Sam McGrew

Profile
- Position: Linebacker

Personal information
- Born: July 28, 1984 (age 41) Crawfordville, Florida, U.S.
- Listed height: 6 ft 2 in (1.88 m)
- Listed weight: 244 lb (111 kg)

Career information
- High school: Wakulla (Crawfordville)
- College: Florida State
- NFL draft: 2006: undrafted

Career history
- Miami Dolphins (2006); Amsterdam Admirals (2007);

= Sam McGrew =

American football player (born 1984)

Sam McGrew (born July 28, 1984) is an American former football linebacker with the Miami Dolphins. He played four years of college football at Florida State University, and four years of high school football at Wakulla High School. His cousin Reggie McGrew played defensive tackle at Florida and in the NFL.

== Early life ==
A native of Crawfordville, Florida, McGrew attended Wakulla High School, where he was an All-State linebacker. In his senior year, he recorded over 150 tackles and was considered by many publications to be the best inside linebacker prospect in Florida. Regarded as a four-star recruit by Rivals.com, McGrew was ranked the No. 15 inside linebacker in his class, behind (among others) eventual FSU teammates A. J. Nicholson and Buster Davis. After official visits to Kentucky, Florida, Alabama, and Florida State, he committed to the Seminoles.

== College career ==
In his true freshman season at Florida State, McGrew played in all 14 games, mostly on special teams but also as back-up to Allen Augustin at middle linebacker. He recorded eight tackles on the season, including a season-high three stops in the 21–13 win at Georgia Tech. As a sophomore, McGrew still served as back-up to Augustin, finishing the season with 19 total tackles (13 solo), two tackles for loss, a quarterback sack and a forced fumble. He had a season-high tackle performance with four each vs. Maryland and Clemson.

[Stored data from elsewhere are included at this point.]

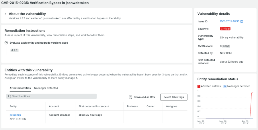 For example, if a library used by an application is found to have a known vulnerability, New Relic will alert you and provide information on the specific CVE, so you can update or patch the library as necessary to avoid potential security breaches.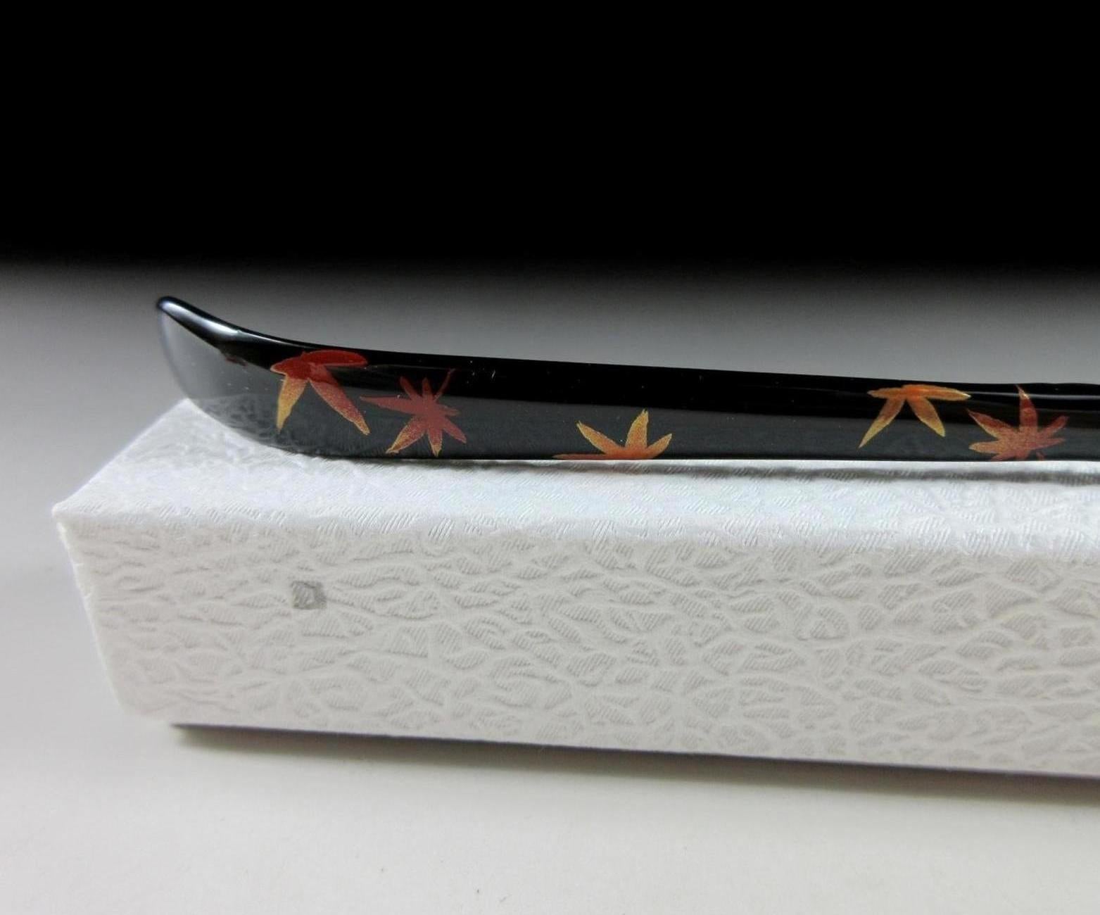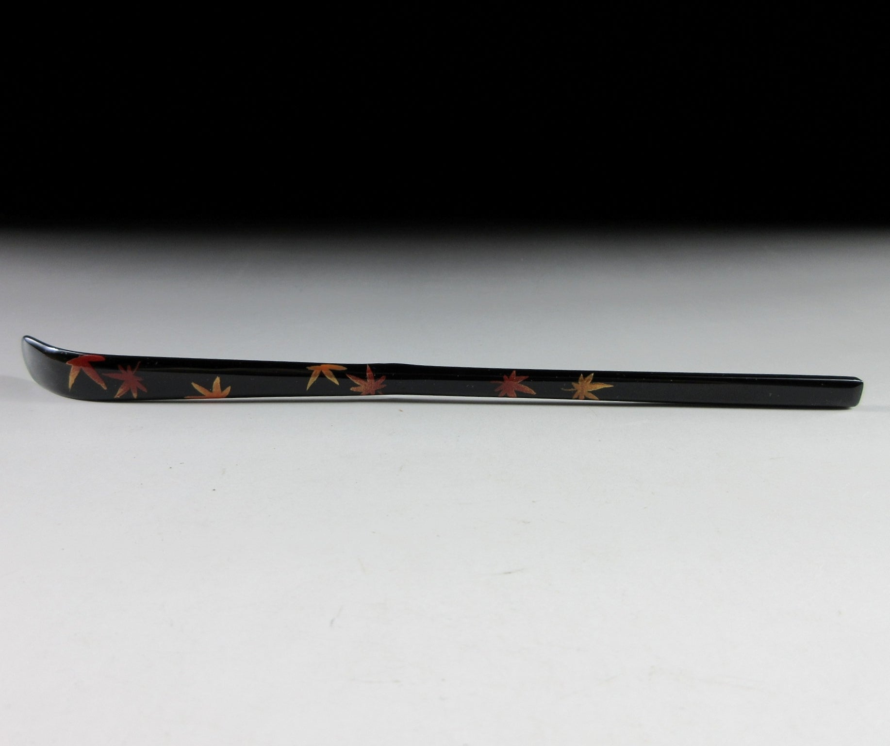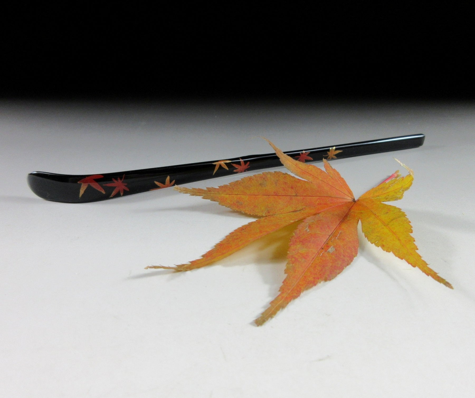 This listing is for a lacquered Takayama bamboo chashaku. Chashaku are an essential item for traditional Japanese tea ceremony, they are used for the measuring and preparation of matcha tea. The back of the chashaku in this listing is coated in black lacquer decorated with a ‘momiji’ pattern, whilst the front maintains a natural finish. Momiji leaves have been depicted in Japanese art, poetry, and literature for thousands of years. Many traditional Japanese works of art and poems are about the cool wind gently blowing fresh green kaede leaves in summer, or the falling of maple leaves in late autumn. This piece is ideal for autumn tea practice and comes with its original paper storage box.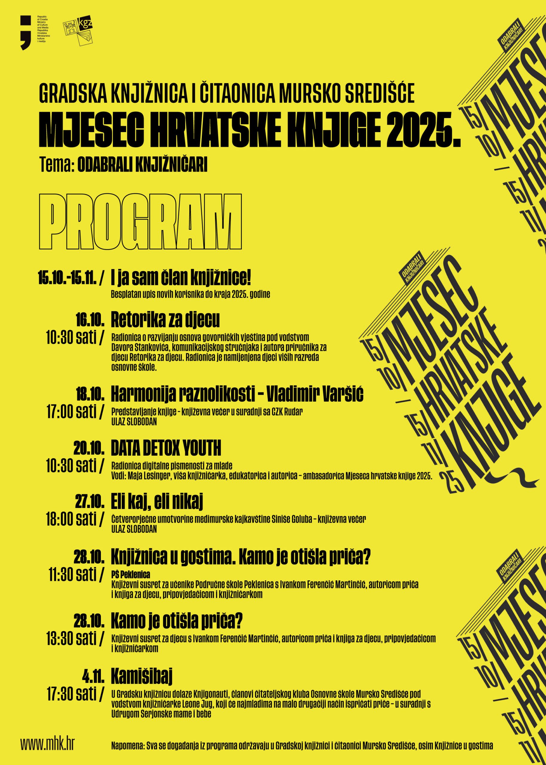 Mjesec hrvatske knjige nastavlja se bogatim i raznolikim programom koji spaja književnost, pripovijedanje, digitalnu pismenost, zavičaj i ljude.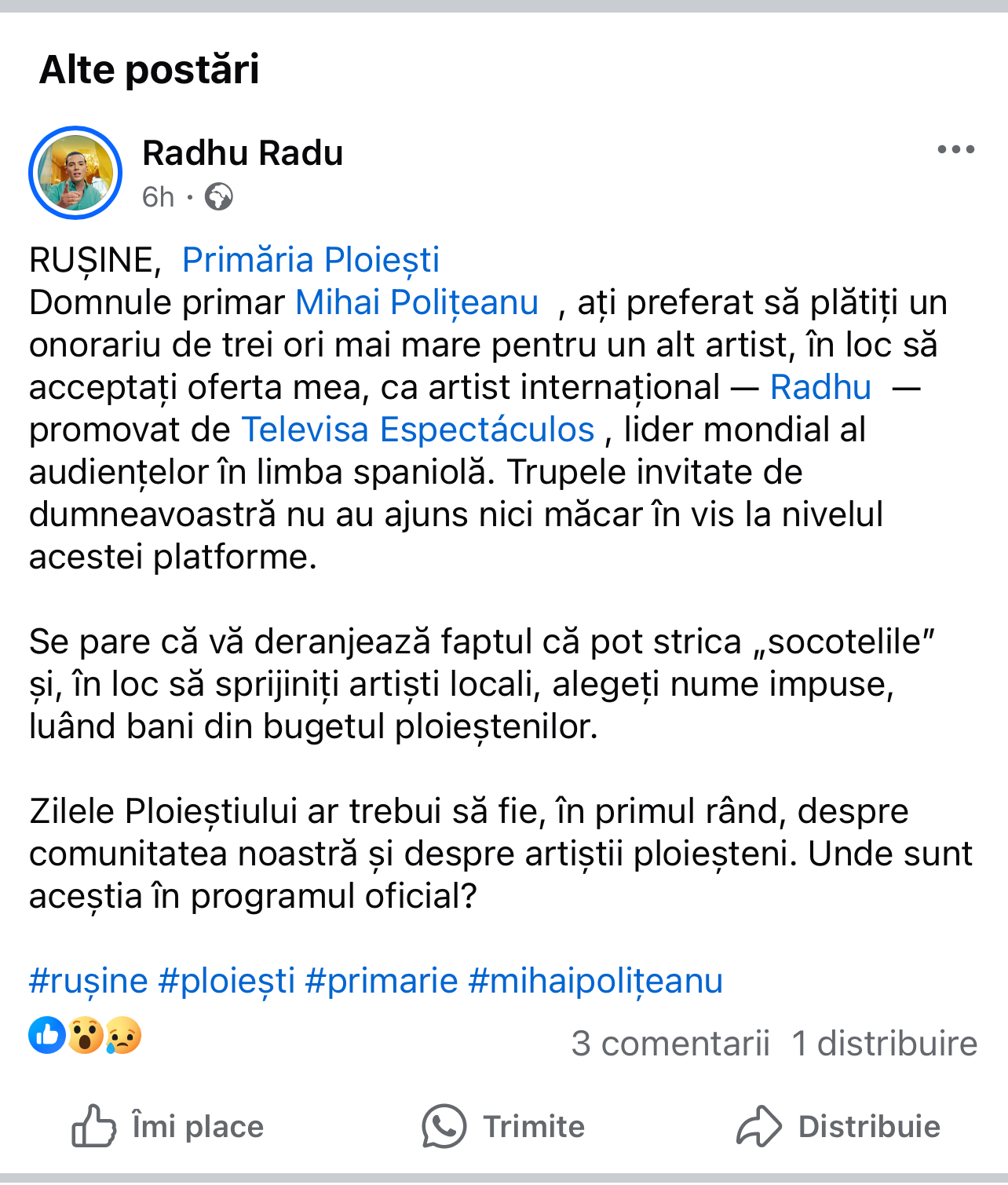 Și să trecem la marea durere: Zilele Ploieștiului. Ar fi trebuit să fie despre comunitate, despre artiștii locali, despre mândria prahoveană. Dar ce faci tu, Mihai? Îi lași pe artiștii noștri să cânte în garaj, în timp ce torni banii noștri în spectacole care nu ne reprezintă. Unde e Radhu în programul oficial? Unde sunt talentele locale? Sau poate crezi că ploieștenii preferă să tremure de frig la iarnă, dar să se încălzească la un concert scump plătit din buzunarul lor? Genială strategie, ce să zic!

After Augustin's graduation, McGrew and Buster Davis battled to replace him as starting middle linebacker. McGrew played in all 12 games, and was seventh on the team in tackles with 44 on the season. He had eight tackles against North Carolina. Still a back-up to Davis in his senior year, McGrew finished the year with 54 tackles, which ranked first among players not in the regular starting lineup. In his final college career game, the Orange Bowl vs. Penn State, McGrew recorded a career-high 11 tackles (1.5 for loss).

== Professional career ==
Considered a “two-down defender who struggles in coverage” by Sports Illustrated, McGrew was not selected in the 2006 NFL draft. He was, however, signed as an undrafted free agent by the Miami Dolphins. He never played an NFL game, and was sent to the Amsterdam Admirals.